Da fast alle Sprecher der Originalserie zu dem Zeitpunkt schon tot waren, hat man neue Sprecher nehmen müssen. Man hat zwar versucht, recht ähnliche Stimmen zu finden, dennoch hört man das in den neueingesprochenen Szenen deutlich raus. Gerade der Wechsel von Herbert Weicker auf Norbert Gescher mitten im Dialog ist ziemlich ohrenfällig. Bei GG Hoffmann auf Andreas Neumann allerdings nicht ganz so schlimm. Jedenfals hat man dadurch innerhalb einer Folge teils mehrere Stimmen auf einer Rolle. Innerhalb der Serie sind es damit sogar bis zu drei pro Rolle, weil - wie gesagt - das dämliche ZDF nur einen Teil der Episoden in den 70ern hat eindeutschen lassen. 

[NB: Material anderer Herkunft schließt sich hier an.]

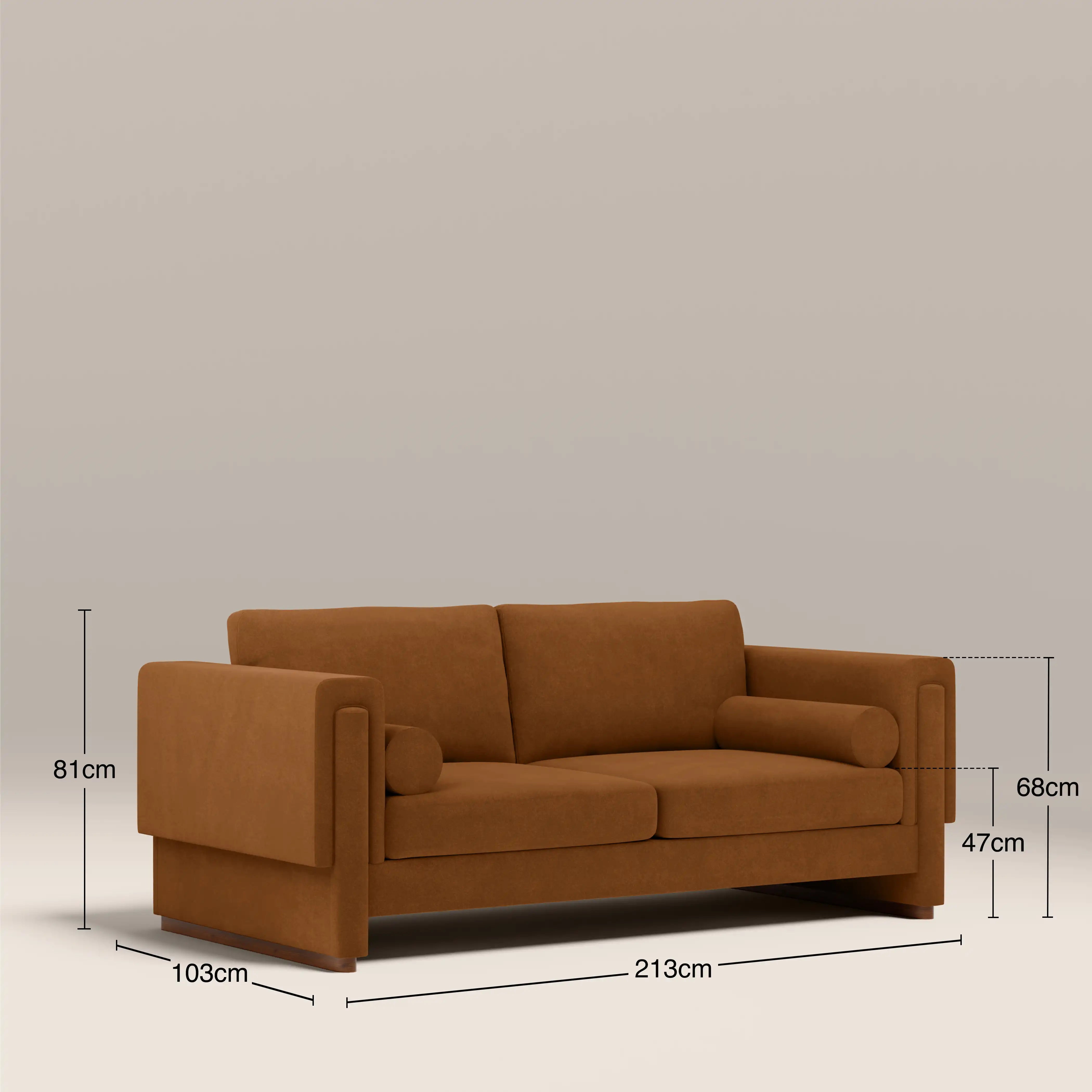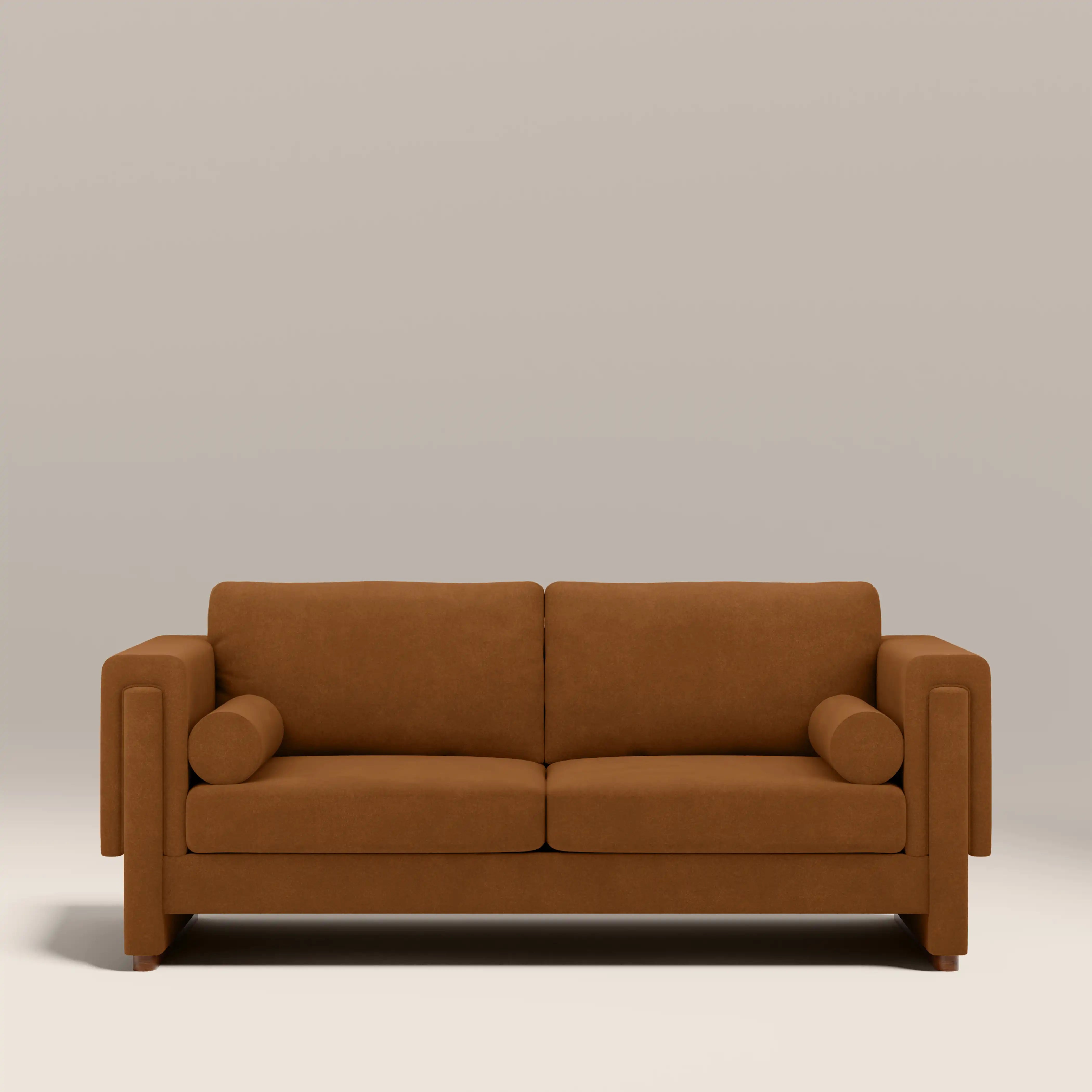 Inspired by 70s revival, the Ava 3 Seat Velvet Sofa is designed with style in mind. Every part of the Ava is design conscious, from the gorgeous caramel brown mohair style velvet upholstery to the bolster cushions sitting at each end. And for those who love a firm seat, yet want to sink into the soft backrest after a long day? The two deep-set seat cushions have minimal sinking and are fixed into place for an elevated, refined look, whilst the two back cushions have a softer composition, allowing you to pull up a pouffe and relax.
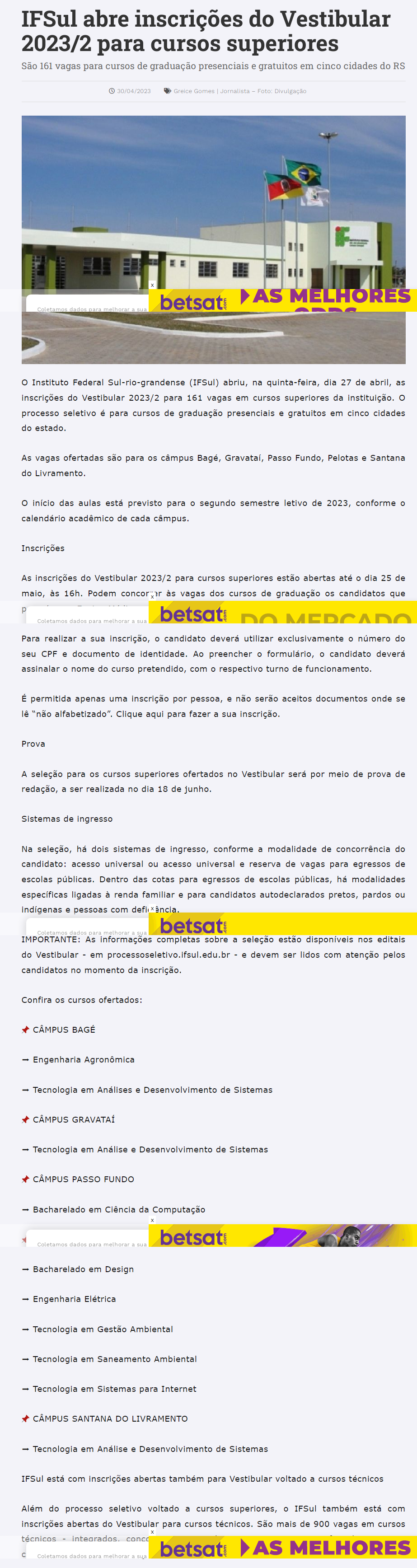 Portal de Camaquã - IFSul abre inscrições do Vestibular 2023/2 para cursos superiores

Für die DVD/Bluray musste die Episode "Weltraumfieber" fast komplett neu eingesprochen werden. Hier existierten aber noch Tonspuren aus den 90er Jahren mit einem gealterten Herbert Weicker von einer VHS-Neusynchro, sodass immerhin Spock der Alte ist. Kirk und Co ließ man trotzdem neu einsprechen, da man für die VHS-Neusynchro dieser Episode noch andere Neustimmen benutze. Auch bei der Naziepisode "Schablonen der Gewalt" hat man eine VHS-Neusynchro aus den 90er Jahren recycelt. Zu diesem Zeitpunkt leben allerdings bis auf KE Ludwig alias Scotty (der zum Glück eh nur zwei Sätze gehabt hätte) alle Stimmen. Allerdings waren Weicker und vor allem GG Hoffmann stimmlich schon so stark gealtert, dass man wieder einen extrem großen Kontrast zu den vorherigen Folgen hat. 

Kurzgesagt: Die Serie ist im Deutschen ein gigantischer Flickenteppich wild zusammengeschusteter Synchros aus den 70er, 80er und 90er Jahren plus DVD-Nachsynchros von vor etwa 10 Jahren.

Ich tu mir das eigentlich auch nur noch aus nostalgischen Gründen an, weil ich mit der Synchro groß geworden bin. Jede andere Serie mit einer Tonspur in dem Zustand würde ich im O-Ton gucken.


----------



## Oberst Klink (9. November 2012)

*AW: Jäger des verlorenen Schatzes --> Neusynchronisation WTF !*

Wenn Ich das lese, muss Ich wieder an Southpark denken. Genauer gesagt an die Folge, in der George Lucas und Steven Spielberg Indy vergewaltigen^^


----------